By Gus G. Sentementes, The Baltimore Sun
Sep. 23--Pity the poor startup.
Scores of technology startup companies in the Mid-Atlantic region have pitched their ideas to investors over the past year, only to come away with little or no funding. By many accounts, the recession and stock market losses have turned swashbuckling early-stage investors into penny-counting worrywarts.
As a result, more entrepreneurs have relied on so-called bootstrapping -- launching a business by funding it themselves along with help from friends and family, and keeping it as lean as possible until they can attract venture capital investment. The few who can lure investors today are regarded as having won a lottery of sorts -- one made possible by their own sweat equity, and not by chance.
"It's tough to get funding right now, so we're keeping our day jobs and working on it on nights and weekends," said Brian Tomasette of Baltimore, co-founder of SocialRoster.com, a networking Web site for athletic leagues. "Essentially, we found that VCs [venture capital firms] just aren't investing."
The bad news, for the moment, is that the venture capital industry is in the worst shape since the dot-com bubble burst in the beginning of the decade. Entrepreneurs and leaders of small businesses across Maryland have largely been put on hold as investors became tight-fisted and more demanding, and banks are still stingy with extending credit.
But feisty startups that can attract investors and weather the storm are perfectly positioned for success once the economy emerges from recession.
"Downturns can be good.

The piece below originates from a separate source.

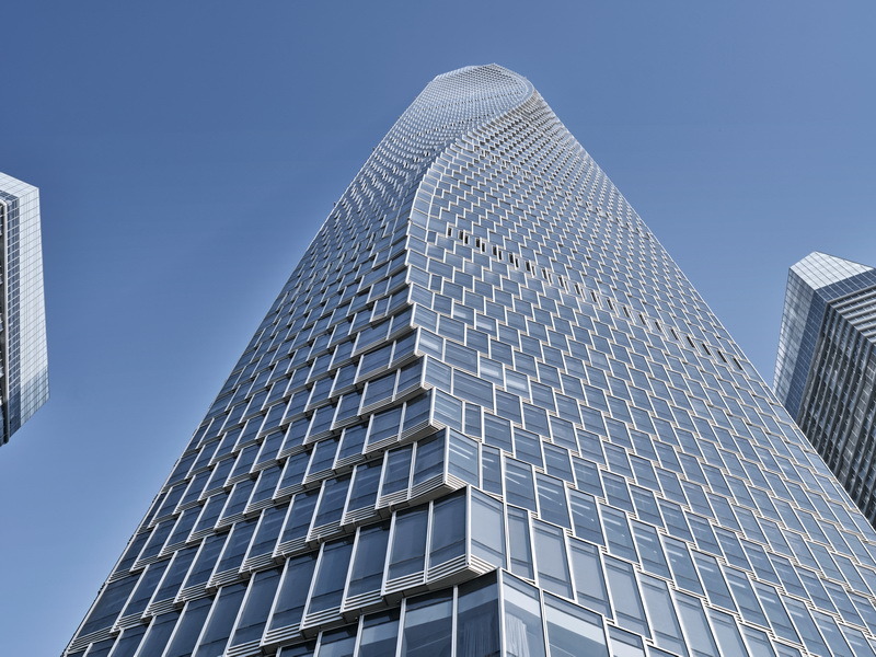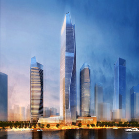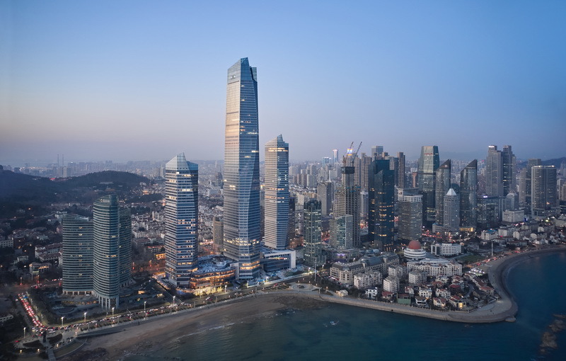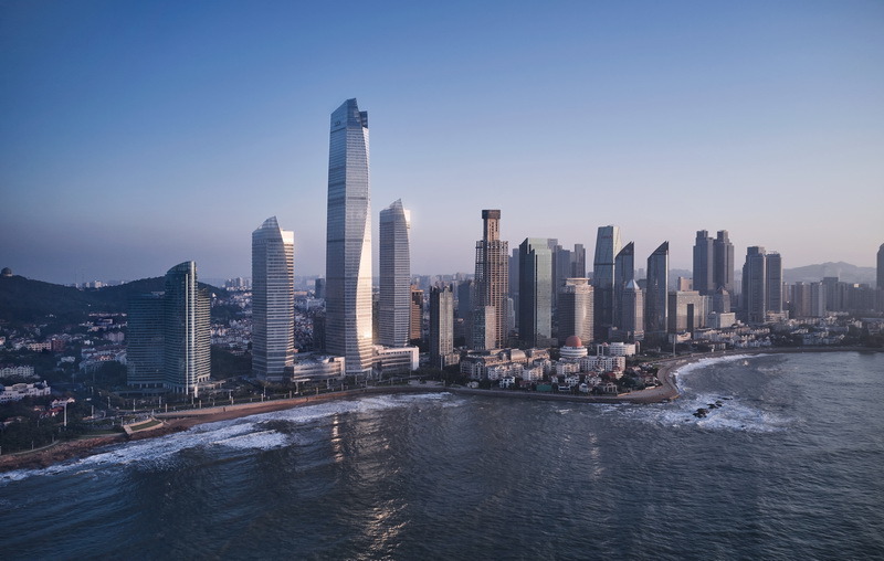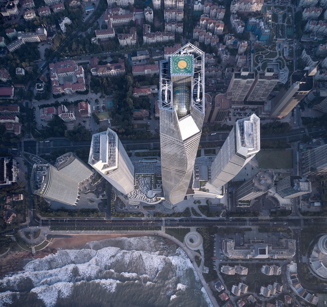 一期规划新建三座塔楼及裙房,三座塔楼功能分别为五星级酒店、超五星酒店和写字楼、酒店式公寓,裙楼规划建设商业、酒店配套及后勤配套设施。新建的三栋超高层塔楼功能包括五星级酒店、六星级酒店和写字楼、公寓式酒店,商业,会议中心。设计沿用基于老海天六边形的平面轮廓,立面元素提取老海天酒店的精华设计语言,用近似的比例及色彩关系呼应老海天的肌理印记,同时以简洁有力的手法表达“ 海之韵“ 的设计理念。现代的建筑手法融合老海天的气质元素,369m 的海天中心将给青岛市民带来一个带有老建筑记忆的新城市标记。

They wipe out inefficient firms," said Louis P. Galambos, professor of economic and business history at the Johns Hopkins University. "Only the strong are going to survive in this, and they're the ones who are going to get capital."
Before the recession, investment experts said, the cycle of funding startup ventures followed a general pattern: Entrepreneurs with a track record would attract early-stage, or so-called "angel," investors who'd pump vital cash into an enterprise to get it off the ground. The company, perhaps with little more than an idea and a small management team, would get a cash infusion in exchange for handing over a piece of ownership to investors.
But that all changed with the stock market dive. The net worth of affluent, risk-taking investors who normally liked to fund startup ventures dropped with Wall Street's losses. Suddenly, entrepreneurs who were counting on these angels to help them become the next Google or Microsoft were faced with an austerity that hadn't been seen since the start of the decade.